While the change may at first appear nominal, it signals that Brazilian President Dilma Roussef’s policies to revitalise the struggling economy may be working, albeit slowly.
But the forecast also slightly trimmed GDP growth to 3.08 per cent in 2013 and 3.65 per cent in 2014, according to a central bank survey of about 100 analysts published today.
Although this marks an increase over last year’s growth of just 1 per cent, analysts are worried that inflation will delay already slow economic recovery.
In February, consumer prices are expected to rise 0.42 percent, up from a previous forecast of 0.41 per cent.
But Brazilian officials have been trying to allay consumer and foreign investor fears that its economy has seen its heyday come and go.
“We have good results.
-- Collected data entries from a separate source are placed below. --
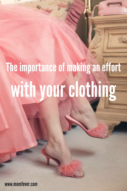 I feel it's important to dress well, even if nobody sees you, and your kids don't really care are as long as there's dinner on the table. Because it makes you feel different about yourself. If I don't dress in a nice skirt, I start feeling down and unmotivated to do anything at all. I totally get Flylady's advice to put on some serious shoes every morning to get yourself up and ready for your day.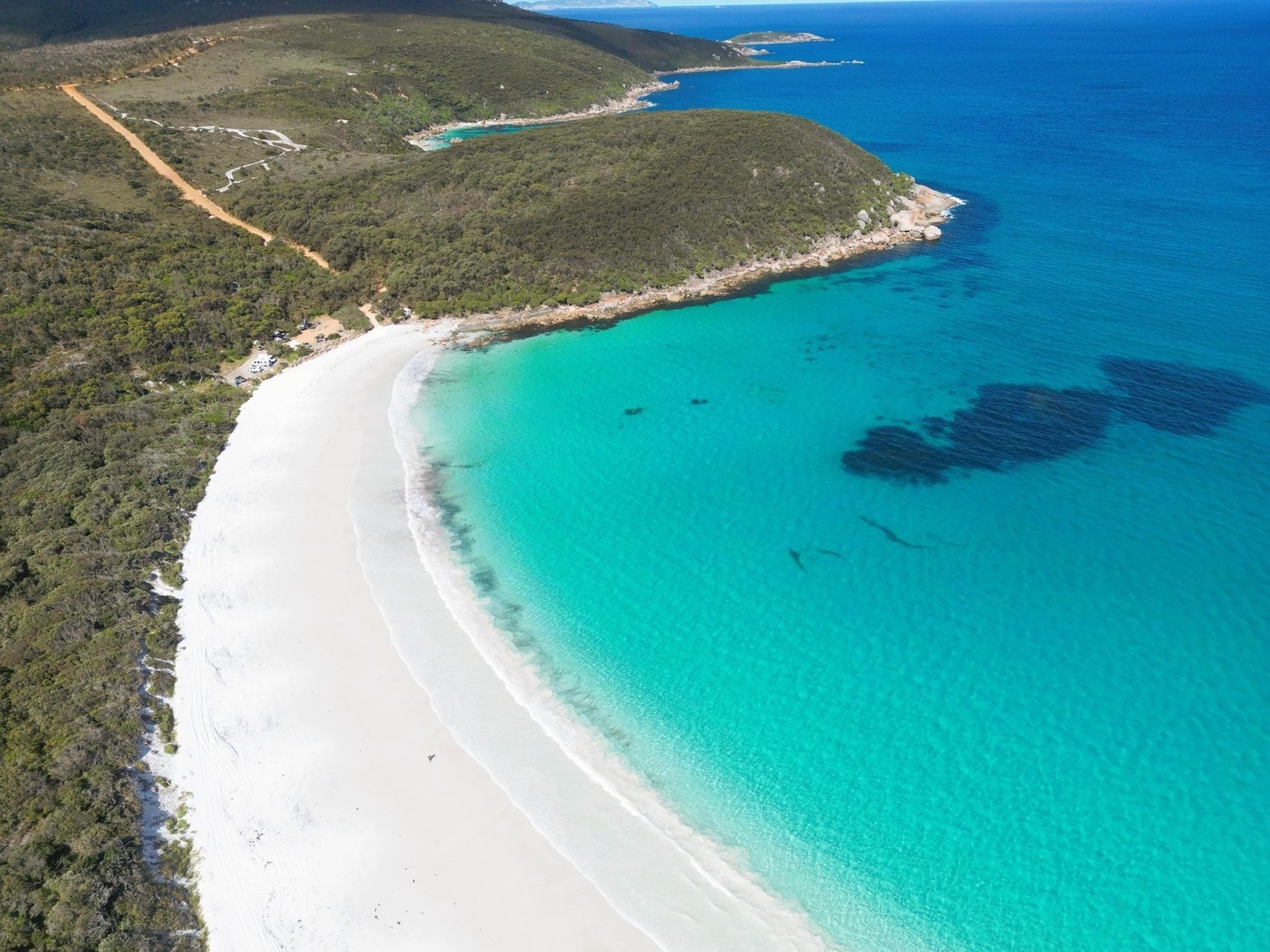Für uns schöner als in der Raffaello-Werbung: weißer Pudersand, türkisblaues Wasser und kaum Menschen. Die geschützte Bucht ist ideal zum Baden und Sonnen: ruhig, abgelegen und paradiesisch. Für uns zählt dieser Ort definitiv zu den schönten Stränden in Westaustralien.
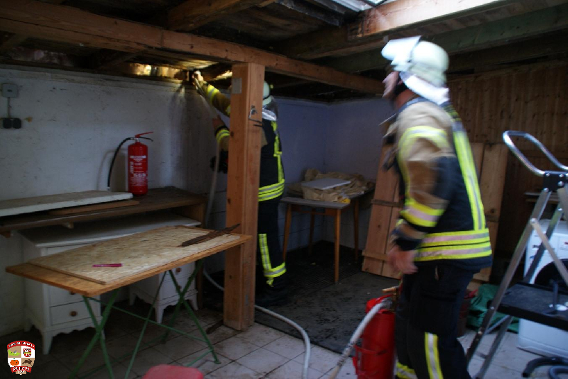 Auf der Anfahrt rüstete sich ein Atemschutztrupp mit schwerem Atemschutz und ein weiterer beim Eintreffen an der Einsatzstelle aus. Am Einsatzort war ein Anbau leicht verraucht und starker Brandgerucht war bemerktbar. Mithilfe des Lüfters von Ottenhof-Bernheck lüfteten den Raum und kontrollieren den Dachbereich mit der Wärmebildkamera. Da der Hausbesitzer bereits selbst Löschmaßnahmen unternommen hatte, kühlten wir den betroffenen Bereich mit der Kübelspritze.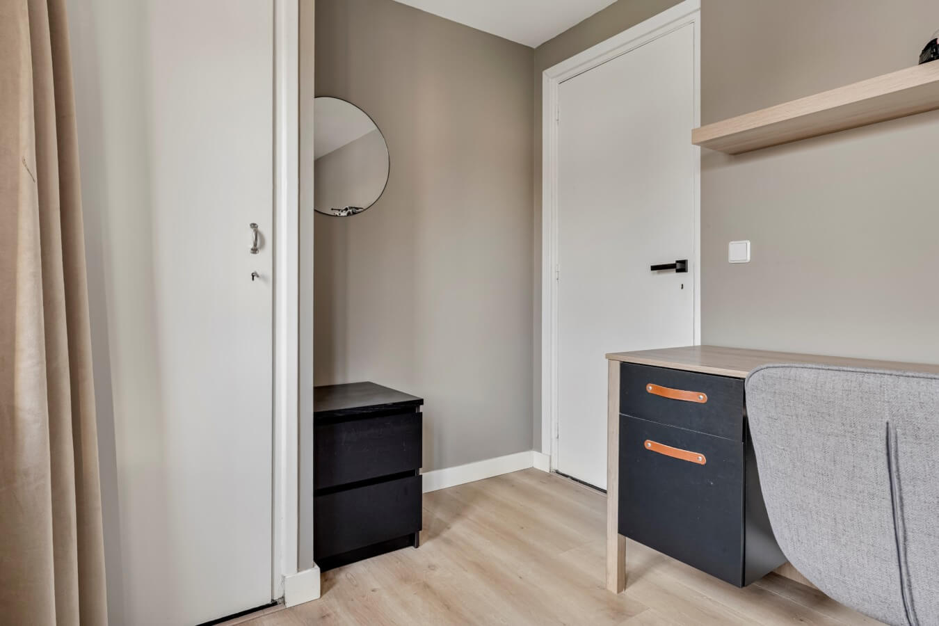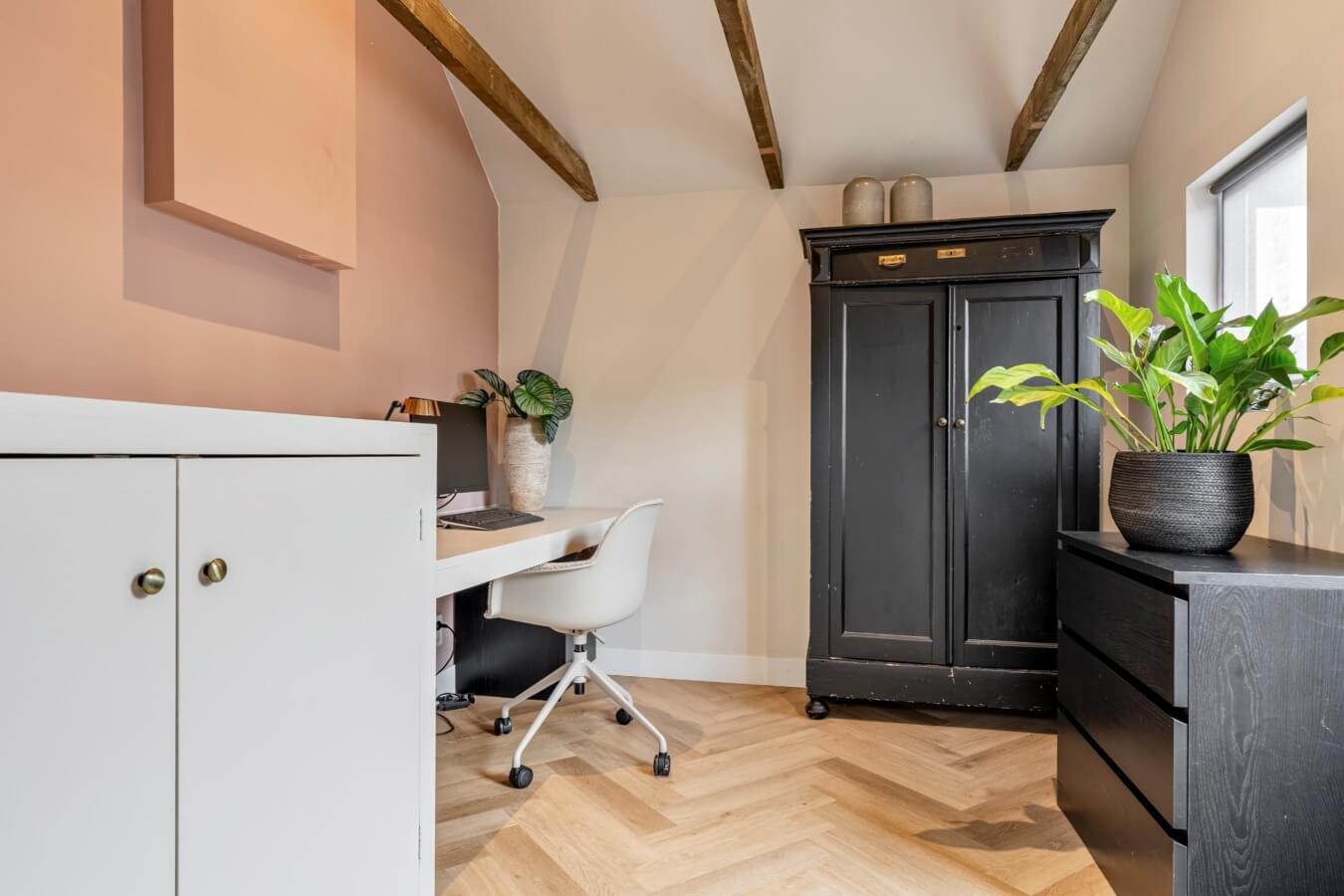 Aan de rechter voorzijde ligt de iets kleinere, fijne derde slaapkamer. Deze ruimte zou bijvoorbeeld uitermate geschikt zijn als tweede kinderkamer, logeerkamer of thuiswerkplek. Of droomde je altijd al van een inloopkast?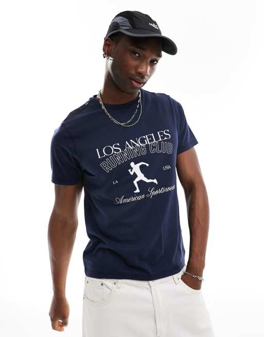 Another Influence – Los Angeles Running Club – Locker geschnittenes T-Shirt in Tiefblau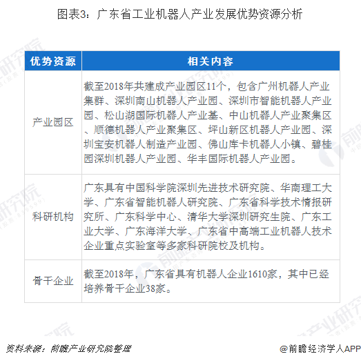 目前,广东省已形成广州佛山工业机器人与系统集成、深圳东莞机器人关键零部件配套等多个机器人产业集群,具备中国科学院深圳先进技术研究院、华南理工大学、广东省智能机器人研究院、广东省科学技术情报研究所、广东科学中心、清华大学深圳研究生院、广东工业大学、广东海洋大学、广东省中高端工业机器人技术企业重点实验室等多家科研院校及机构。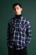 ULTIMATE DOUBLE POCKET FLANNEL SHIRT NAVY WHITE GRID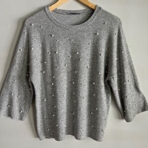 Zara Gray Pearl Embellished Knit Sweater Top Women’s Size S Minimalist Chic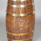 A late 19th century coopered oak barrel stick stand with six applied brass straps, height 63cm, width 33cm, depth 24cm.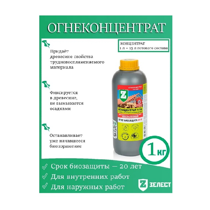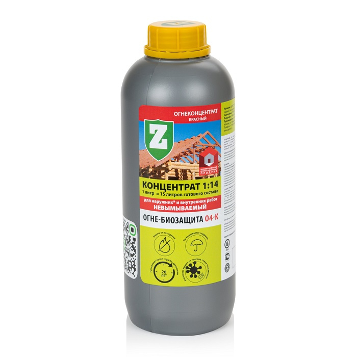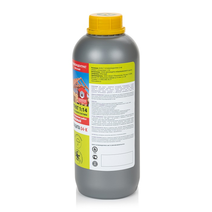 Описание огне-биозащиты ЗЕЛЕСТ О-4К ОГНЕКОНЦЕНТРАТ 1:14 1 л

Lowest unemployment rate in history, systematic reduction of poverty, reduction in interest rates, significant foreign investment in the country,” Gleisi Hoffmann, Brazil’s Chief of Staff said in a recent interview with the Brazilian newspaper Folha Sao Paolo.
She said that the Brazilian economy is resilient, denying Western media reports of crumbling investor confidence.
Nevertheless, analysts are saying that Brazil needs to tread carefully. They point to Brazil’s economic growth, which stood at a healthy 7.5 per cent in 2010, as having been battered due to the recession still beleaguering Europe and declining demand for Brazilian goods.
Roussef in recent months turned to cutting electricity-taxes, extending payroll-tax cuts, and lowering taxes on cars and clothing in a bid to slash inflation and get the economy out of its virtual freeze.
However, positive figures such as its 5.5 per cent unemployment in 2012 are only set to improve as the labour market looks to hire again. In December, the unemployment rate was down to 4.6 per cent.